Crafting a Data Protection Law That WorksThe Critical Need Is to Define Standards and Enforce Them
As India's Parliament prepares to finalize a new privacy and data protection law in the weeks ahead, there's still no consensus among security practitioners about what approach the legislation should take.
While security practitioners, law enforcement authorities and others debate the merits of the bill, what's needed is far more clarity on privacy standards - and then enforcement of those standards.
"Rather than focus on where data is stored, a better approach would be for the government to ensure all companies that handle Indians' data comply with clearly defined privacy and security standards."
But balancing the right to privacy with business needs is challenging.
In a panel discussion at the recent DSCI Summit, Rui Bastos, head of digital transformation at Reliance Industries, noted: "Most businesses collect data to better the quality of life of their customers. We can't grow without data. So the dilemma is, do we deal with data for the right to quality of life or right to privacy? This is something that concerns me."
Harms-Based vs. Rights-Based Approach
The draft of the data protection bill unveiled six months ago takes a "harms-based" approach that some have criticized. The harms-based approach represents the view that data protection obligations must be scalable depending on the potential for harm. Under this approach, impact assessments should take into consideration the spectrum of potential adverse effects, including the general societal impact.
In contrast, the EU's General Data Protection Regulation takes a "rights-based" approach. It focuses on empowering people to know and claim their rights, and it increases the accountability of organizations that are responsible for respecting, protecting and fulfilling rights.
Vaishali Bhagwat, a cyber lawyer and advocate, argues that the harms-based approach is the right option for India.
"Previously under any law, a "harm" was never as well defined as it is under this legislation. Though there is backlash, I personally feel a harms-based approach ... will actually help in quantifying the damage," she says.

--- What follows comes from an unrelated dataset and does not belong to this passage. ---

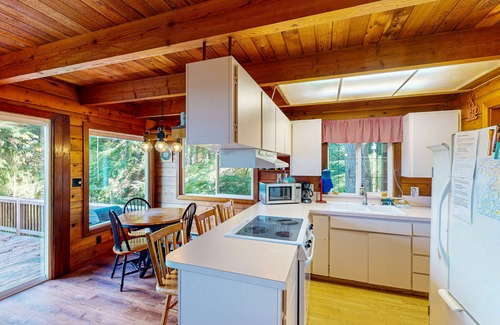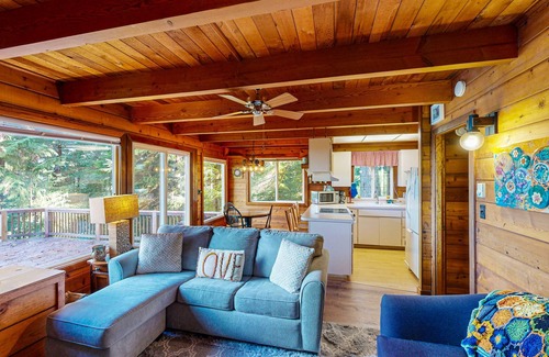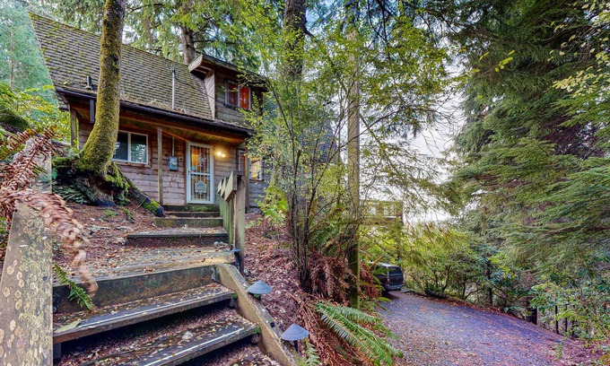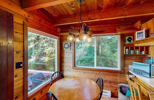 Enjoy the cozy atmosphere of this cabin on the Oregon Coast. Nestled in the woods with an ocean view from the deck, this cabin is the perfect location for someone who want to spend time in nature. In addition to the ocean view guests have a view of Devil's Lake and will be in close driving distance to shops and restaurants. This home boasts a living room with a wood stove, a full kitchen for making tasty meals, a spacious furnished deck with a grill, and a family room complete with a TV, DVD library, and a plethora of board games. Additional perks include a washer/dryer, and high speed WiFi.

Some critics, however, argue that harms-based approach puts the onus on victims to prove harm to data fiduciaries, which could prove difficult.
The draft legislation emphasizes data localization as a way to help protect privacy. It would require that all companies dealing with the personal data of Indians store at least a copy of the data domestically. And the most critical personal data would have to be stored and processed only in India.
Some Indian companies, including Paytm and Reliance Jio, argue that data protection legislation will have little teeth without localization. But opponents argue that India will lose business if it imposes data localization requirements.
"We are not for complete data localization, but at the same time, I believe government has the right to access data when required," says Srinivas Poosarla, data protection officer at Infosys.
Some critics fear that data localization could increase the risk of government misuse and surveillance of personal data. And they point out that even if the data is stored in the country, the encryption keys may still remain out of the reach of national agencies.
The Right Approach
Rather than focus on where data is stored, a better approach would be for the government to ensure all companies that handle Indians' data comply with clearly defined privacy and security standards - or face punishment. The government should come up with policies to ensure data is anonymized and encrypted and privacy is practiced at the design stage - and then enforce its new requirements.
As Bhagwat points out: "The problem in India is not lack of laws but the improper implementation of these laws."